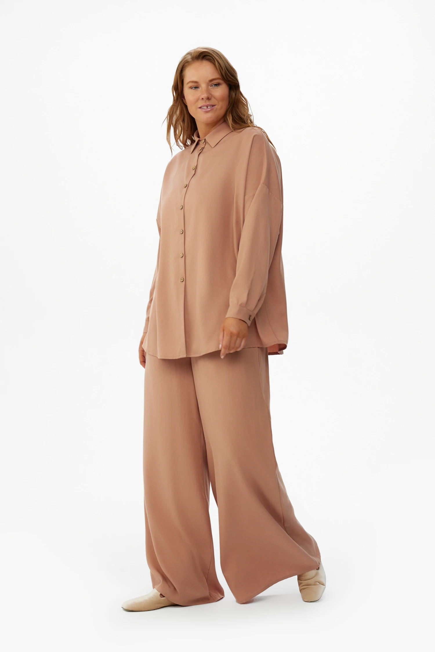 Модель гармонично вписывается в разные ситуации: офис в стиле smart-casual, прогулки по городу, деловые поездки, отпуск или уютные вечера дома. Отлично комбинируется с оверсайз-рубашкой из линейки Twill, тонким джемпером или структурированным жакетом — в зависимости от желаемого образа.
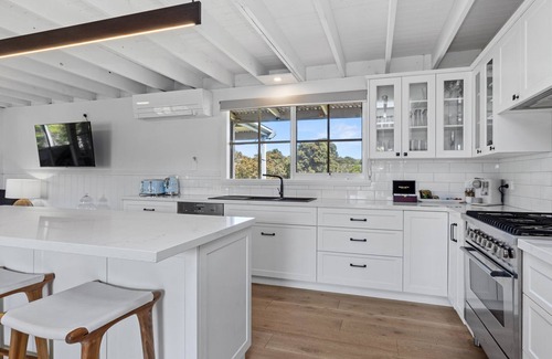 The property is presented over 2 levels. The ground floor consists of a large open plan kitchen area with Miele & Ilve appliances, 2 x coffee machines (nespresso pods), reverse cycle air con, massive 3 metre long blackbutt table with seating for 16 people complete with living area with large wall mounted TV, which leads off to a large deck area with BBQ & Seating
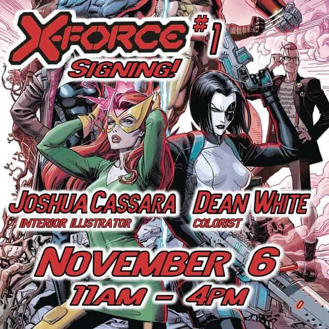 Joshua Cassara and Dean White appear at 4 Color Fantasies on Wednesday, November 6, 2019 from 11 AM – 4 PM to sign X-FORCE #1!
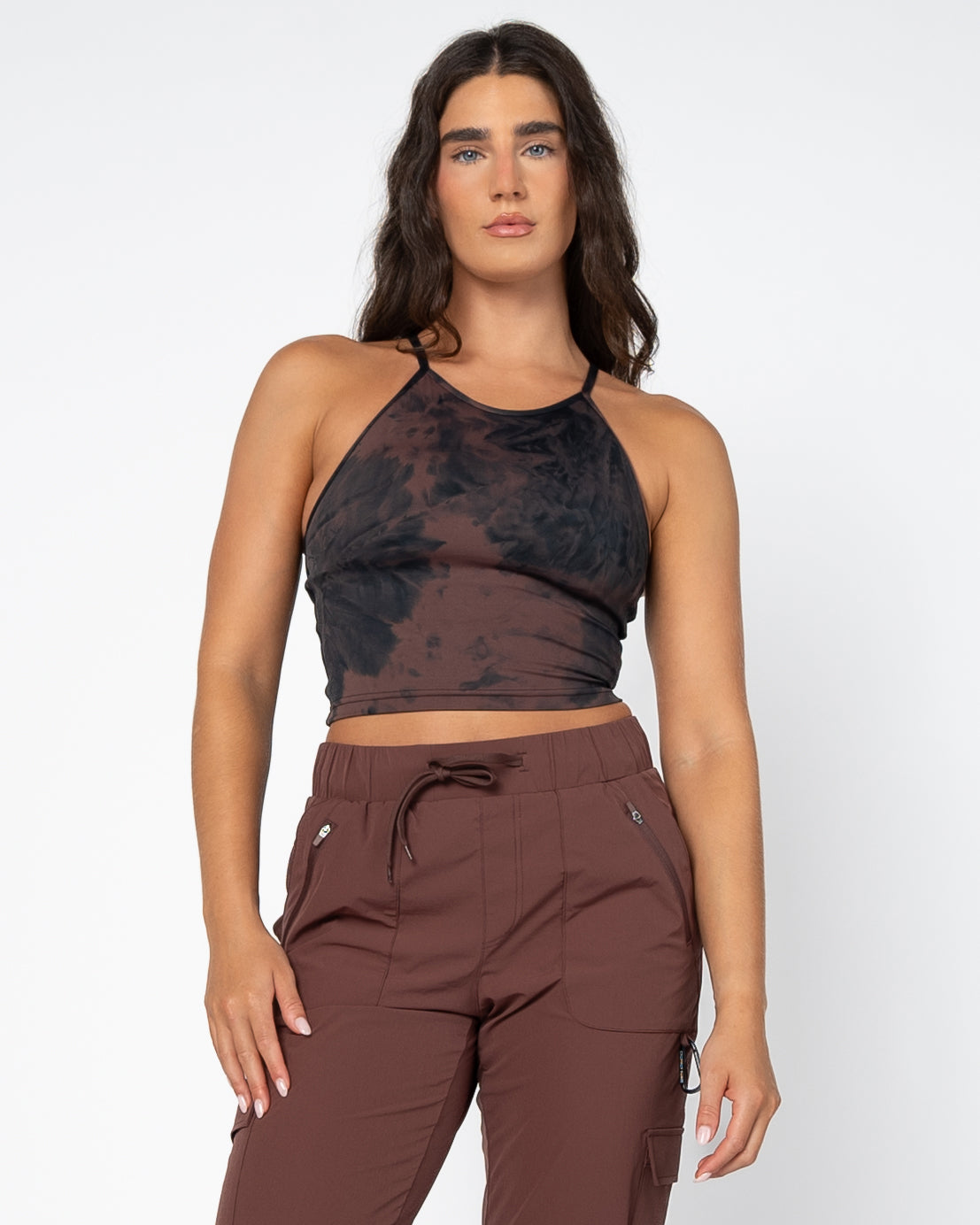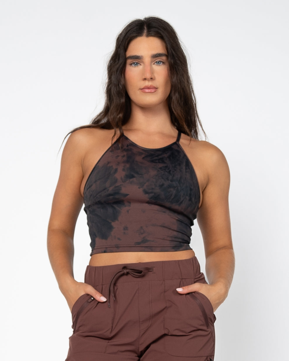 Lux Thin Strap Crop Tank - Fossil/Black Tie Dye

__Your task__. Nothing but the lines from the one containing "Joshua Cassara and" through the end of the listing should be printed, each exactly as it appears and without pictures.

__Exercise response__.
 Joshua Cassara and Dean White appear at 4 Color Fantasies on Wednesday, November 6, 2019 from 11 AM – 4 PM to sign X-FORCE #1!
 Lux Thin Strap Crop Tank - Fossil/Black Tie Dye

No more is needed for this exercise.